▶ **Instructions to follow**
Give back exactly the lines starting at the one with "20 - Calques/Dupliquer" and ending at the last line of the data below. Pictures are not part of the copy.

▶ **Dataset extract**
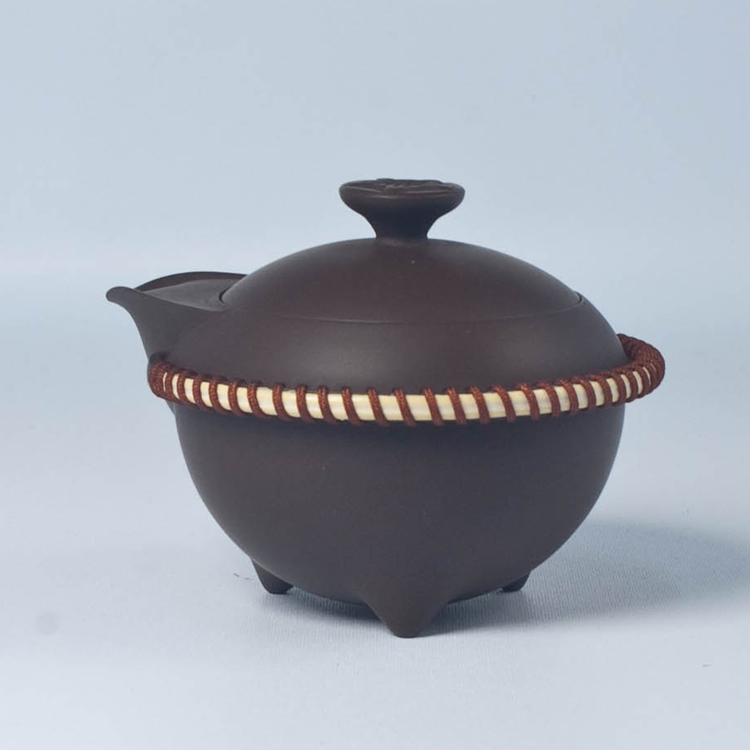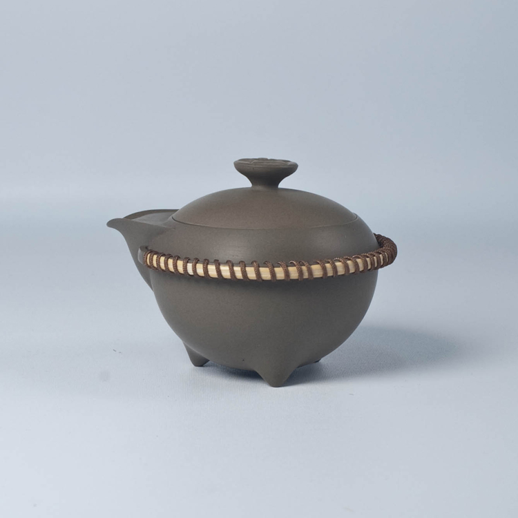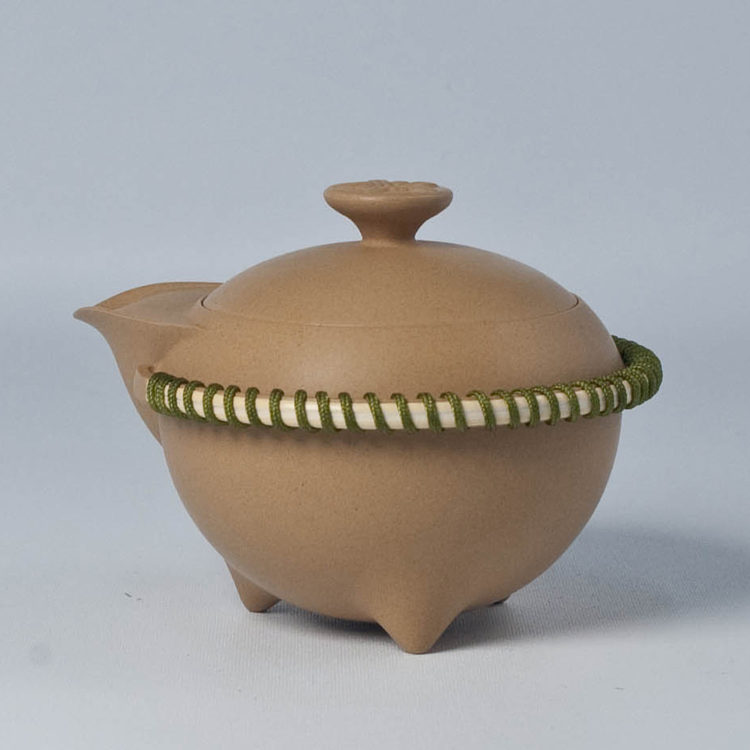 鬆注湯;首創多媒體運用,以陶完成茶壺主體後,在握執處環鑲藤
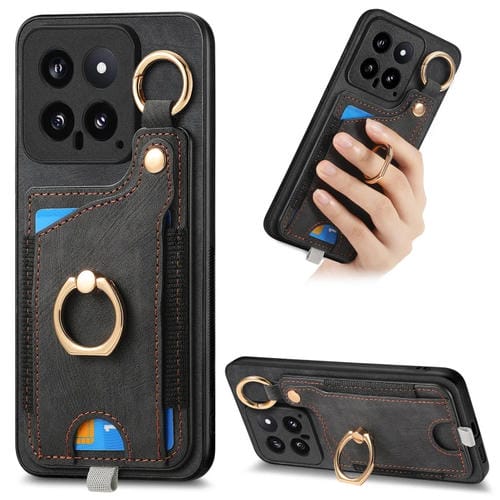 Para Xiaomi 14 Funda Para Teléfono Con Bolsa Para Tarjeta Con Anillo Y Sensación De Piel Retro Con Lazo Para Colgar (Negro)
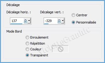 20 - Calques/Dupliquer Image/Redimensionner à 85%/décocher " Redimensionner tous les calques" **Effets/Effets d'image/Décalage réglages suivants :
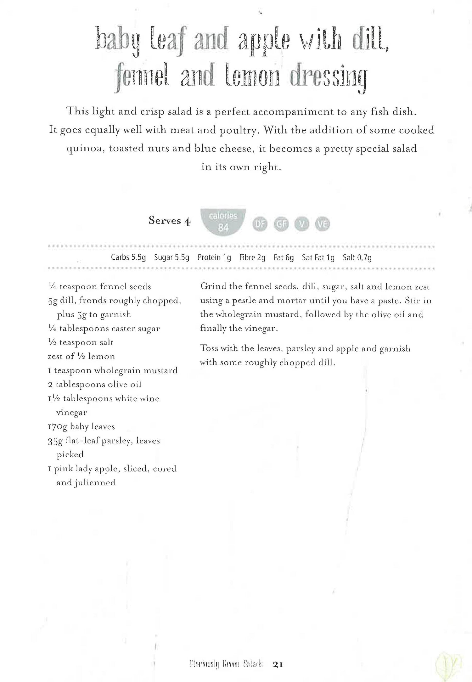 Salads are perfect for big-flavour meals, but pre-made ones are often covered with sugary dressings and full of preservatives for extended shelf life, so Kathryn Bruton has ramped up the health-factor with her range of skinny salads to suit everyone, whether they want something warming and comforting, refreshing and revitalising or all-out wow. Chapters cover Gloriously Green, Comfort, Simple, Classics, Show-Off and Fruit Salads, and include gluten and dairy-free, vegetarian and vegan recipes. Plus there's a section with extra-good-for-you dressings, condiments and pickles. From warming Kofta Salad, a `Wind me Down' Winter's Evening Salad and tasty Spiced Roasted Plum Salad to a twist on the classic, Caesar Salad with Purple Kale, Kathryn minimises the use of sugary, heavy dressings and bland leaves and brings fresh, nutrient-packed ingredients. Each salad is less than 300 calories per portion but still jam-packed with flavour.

▶ **Answer section**
 20 - Calques/Dupliquer Image/Redimensionner à 85%/décocher " Redimensionner tous les calques" **Effets/Effets d'image/Décalage réglages suivants :
 Salads are perfect for big-flavour meals, but pre-made ones are often covered with sugary dressings and full of preservatives for extended shelf life, so Kathryn Bruton has ramped up the health-factor with her range of skinny salads to suit everyone, whether they want something warming and comforting, refreshing and revitalising or all-out wow. Chapters cover Gloriously Green, Comfort, Simple, Classics, Show-Off and Fruit Salads, and include gluten and dairy-free, vegetarian and vegan recipes. Plus there's a section with extra-good-for-you dressings, condiments and pickles. From warming Kofta Salad, a `Wind me Down' Winter's Evening Salad and tasty Spiced Roasted Plum Salad to a twist on the classic, Caesar Salad with Purple Kale, Kathryn minimises the use of sugary, heavy dressings and bland leaves and brings fresh, nutrient-packed ingredients. Each salad is less than 300 calories per portion but still jam-packed with flavour.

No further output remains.